*Source material*.
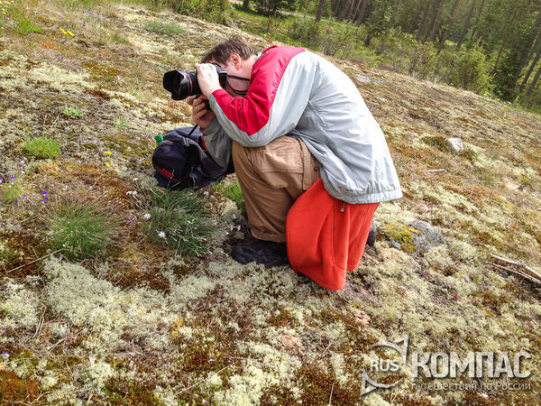 Места здесь красивые, и спешить совсем не хотелось. Останавливались часто, разглядывали окрестности, фотографировали все, что просилось в объектив. А просилось многое: подушки моховые, цветушие фиалка и купена, гвоздика и жимолость.
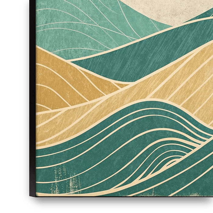 This textured abstract landscape captures a tranquil scene with a dominant, golden circle representing the sun, casting its glow over gracefully rolling hills and flowing waves. The color palette features earthy tones of deep teal and calming sandy yellows, suggesting a harmonious blend of land and sea under a warm, expansive sky. The…
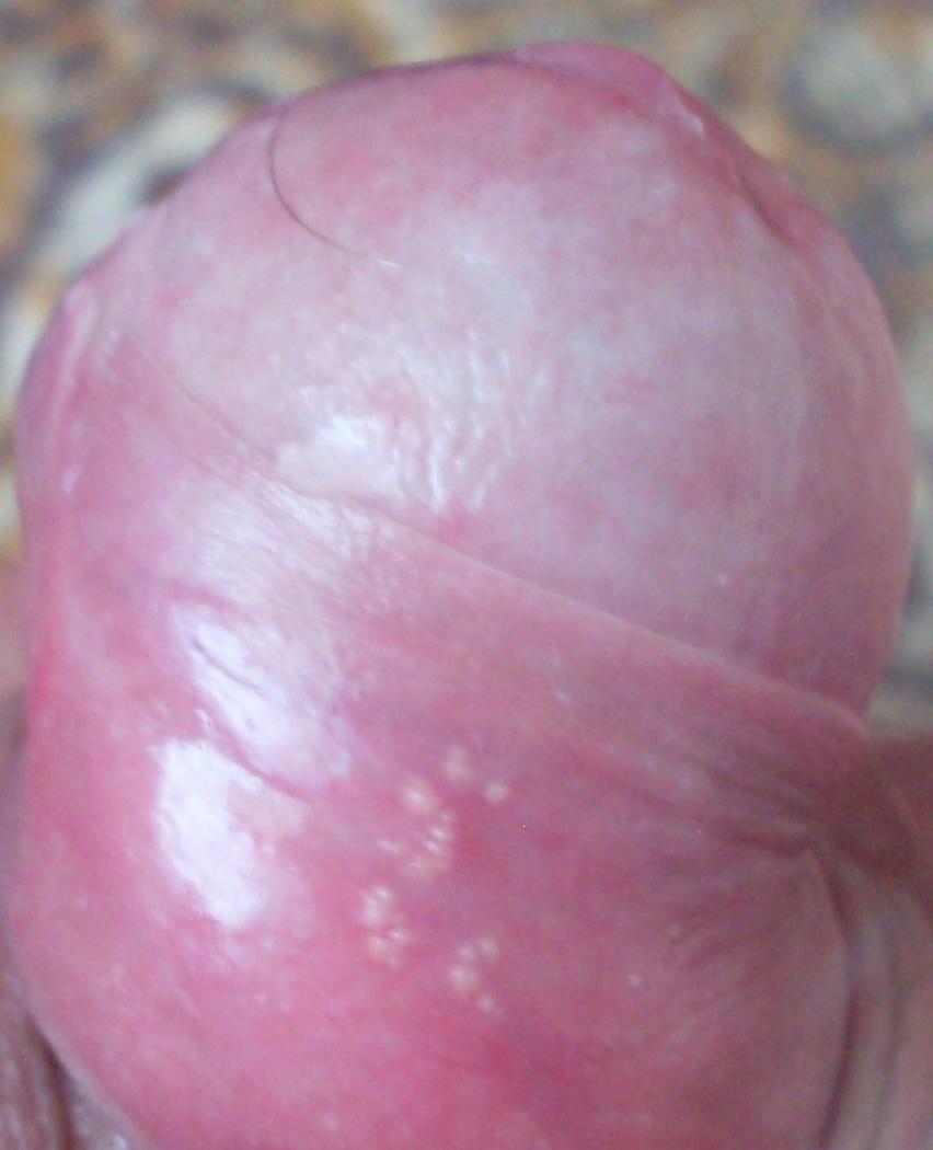 У меня после полового акта,недельки через 2 ,на коже головки члена,появились белые маленькие прищи,они розмещены в одном месте и групами,иногда чувствуеться роздражение.
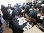 一中の朝が始まりました。朝清掃は自分の分担に集中して黙々と心を込めて取り組みます。終わると自席で読書の時間です。学校全体がシーンと静まり返って、誰もいないような時間が流れます。生徒に「朝読書は好き?」と聞いてみると、「心が落ち着いて、気持ちがいい」「好きな本に集中できていい」という声が返ってきました。本の世界に入り込むこと、また字に触れること、これらは読解力という全ての学びの基礎となる力を育てるのに役立ちます。3年生は残り2か月半の中学校生活です。卒業しても読書の時間をもてる生活を送って豊かな人生にしてほしいです。

*Requirement*.
Give all the lines above again, character for character, without pictures.

*Answer*.
 Места здесь красивые, и спешить совсем не хотелось. Останавливались часто, разглядывали окрестности, фотографировали все, что просилось в объектив. А просилось многое: подушки моховые, цветушие фиалка и купена, гвоздика и жимолость.
 This textured abstract landscape captures a tranquil scene with a dominant, golden circle representing the sun, casting its glow over gracefully rolling hills and flowing waves. The color palette features earthy tones of deep teal and calming sandy yellows, suggesting a harmonious blend of land and sea under a warm, expansive sky. The…
 У меня после полового акта,недельки через 2 ,на коже головки члена,появились белые маленькие прищи,они розмещены в одном месте и групами,иногда чувствуеться роздражение.
 一中の朝が始まりました。朝清掃は自分の分担に集中して黙々と心を込めて取り組みます。終わると自席で読書の時間です。学校全体がシーンと静まり返って、誰もいないような時間が流れます。生徒に「朝読書は好き?」と聞いてみると、「心が落ち着いて、気持ちがいい」「好きな本に集中できていい」という声が返ってきました。本の世界に入り込むこと、また字に触れること、これらは読解力という全ての学びの基礎となる力を育てるのに役立ちます。3年生は残り2か月半の中学校生活です。卒業しても読書の時間をもてる生活を送って豊かな人生にしてほしいです。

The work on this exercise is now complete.